Yes, NASA's efforts over the last 40 years have made it possible, but the agency that should have been in the best position, it turns out, was in the worst- and distracted with military projects (do you really think a mach 10+ mini-plane is for peace, love, and understanding? Phbt. It's for delivering tactical nukes very, very quickly from across the globe to better project US military strength).
It's a very typical power move you see in corporations and the public sector all the time. If the other guy's ideas start to endanger you, suddenly embrace his ideas and position yourself as the ideal candidate to manage that guy.
Please help metamoderate.
Damn that congress for getting in the way of awarding an X-Prize!
--Later---
Damn that congress! NASA gave another technology contact to Microsoft!
So what would people say if NASA asked for a new technology and the best entry was from a company with ties to the sitting president? Or a company with a bad reputation, such as SCO?
A NASA X-Prize could become a magnet very for political charges of contract favoritism. NASA has managed to remain a government agency without the stigma of being partisan to one party. That changes the moment people think NASA is offering sweetheart contracts to companies with friends in high places.

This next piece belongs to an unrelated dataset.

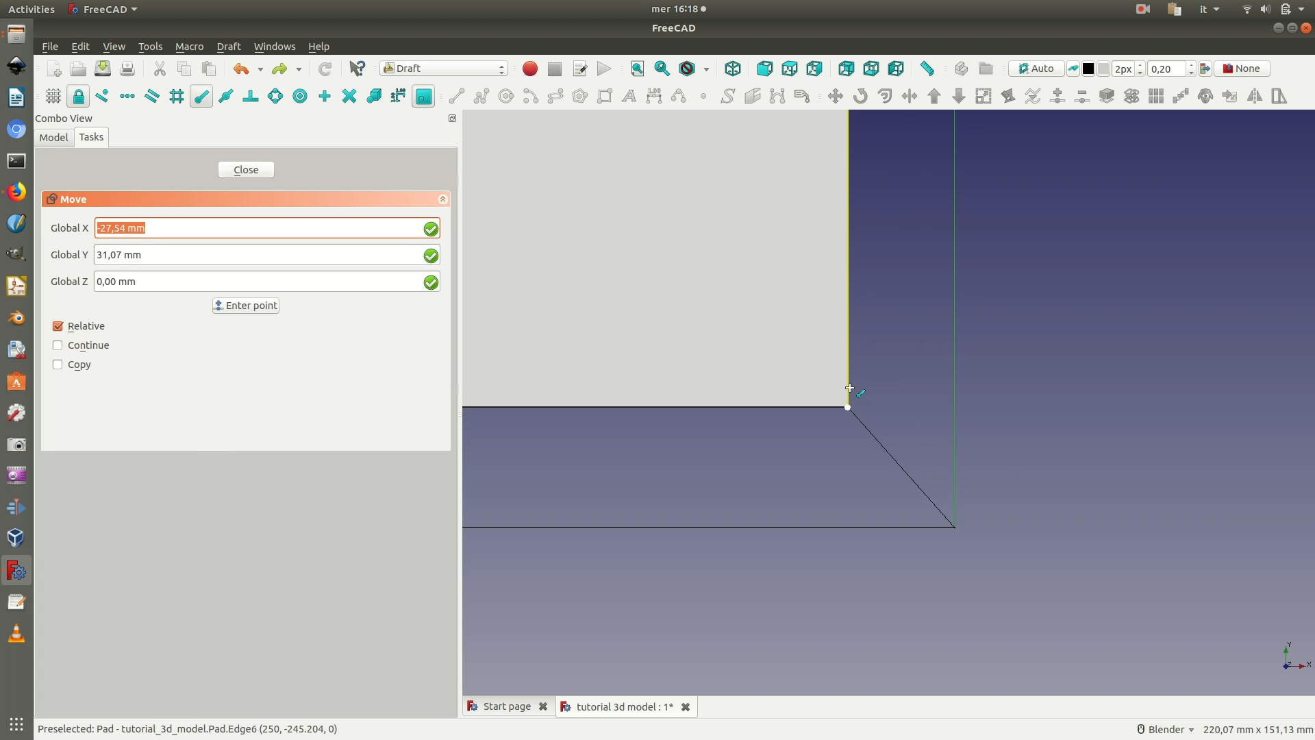 8. Move the imported vectors on top of the square base you have previously modeled. To do so, switch to the Draft Workbench and select the top view by going through View > Standard Views > Top. Select all the elements that are part of the imported .SVG by selecting all of them on the left sidebar pane (see image below). Move them by clicking through the menu Draft > Move. On the panel that has appeared on the left, make sure you deselect the Copy option. You will then define the movement of all the selected elements by choosing (clicking) the starting point and ending point of the movement.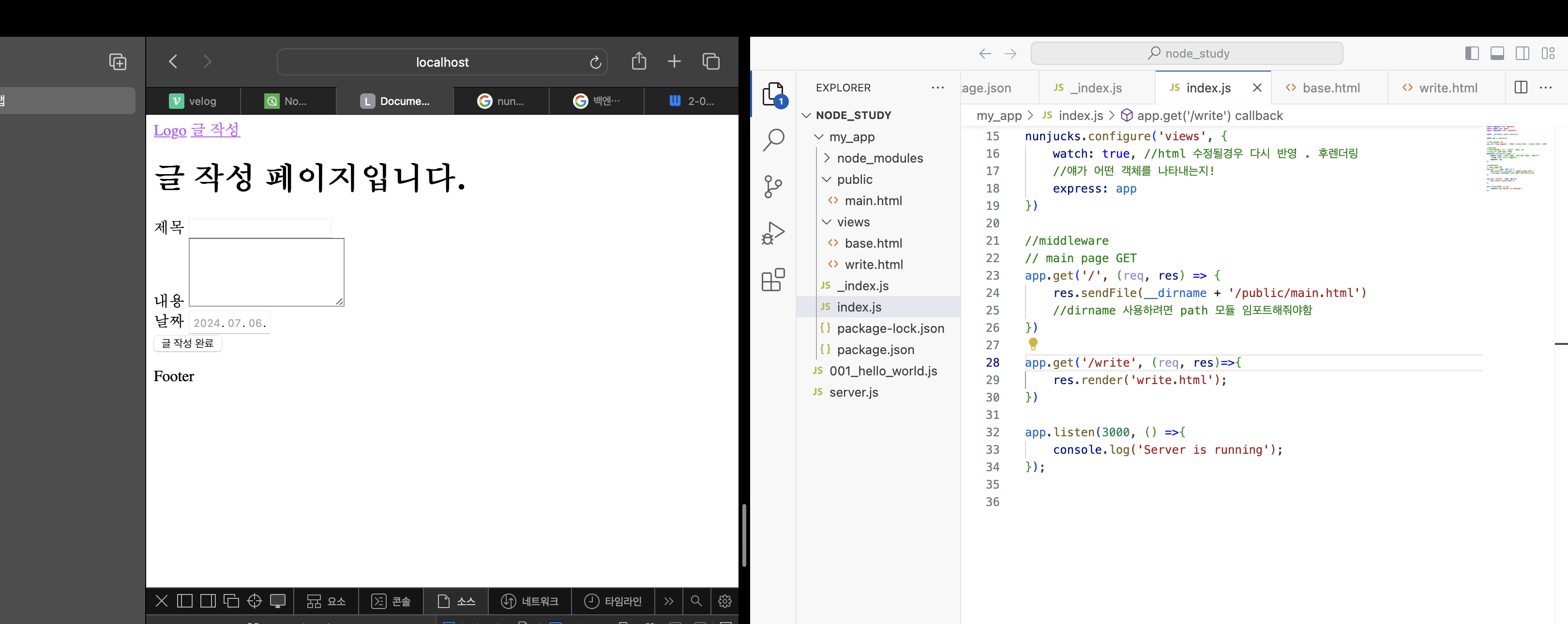 html 파일로 base.html 과 write.html 을 만들어 주었다.

what costs, NASA is one of the least funded us agencies. Every time more money is needed for something else their budget is slashed becuase they are the least politically valuable to congress. This is just another example of such a move. Just goes to show, politics and science dont mix well together
"goodbye and hello, as always" ~Prince Corwin, from Zelazny's Amber series
Because it's not reality that gets congressmen elected. It's the perceptions.
Also the special interest don't CARE about the overal picture in a congressional distict or state, the only care about thier specific picture. Why would they back a congressman that would make them actually compete, rather than just hand out contracts to the highest bidders (donations to political campain, not contract bids).
I'm not saying what you said makes no sense, I'm saying it makes to much sense.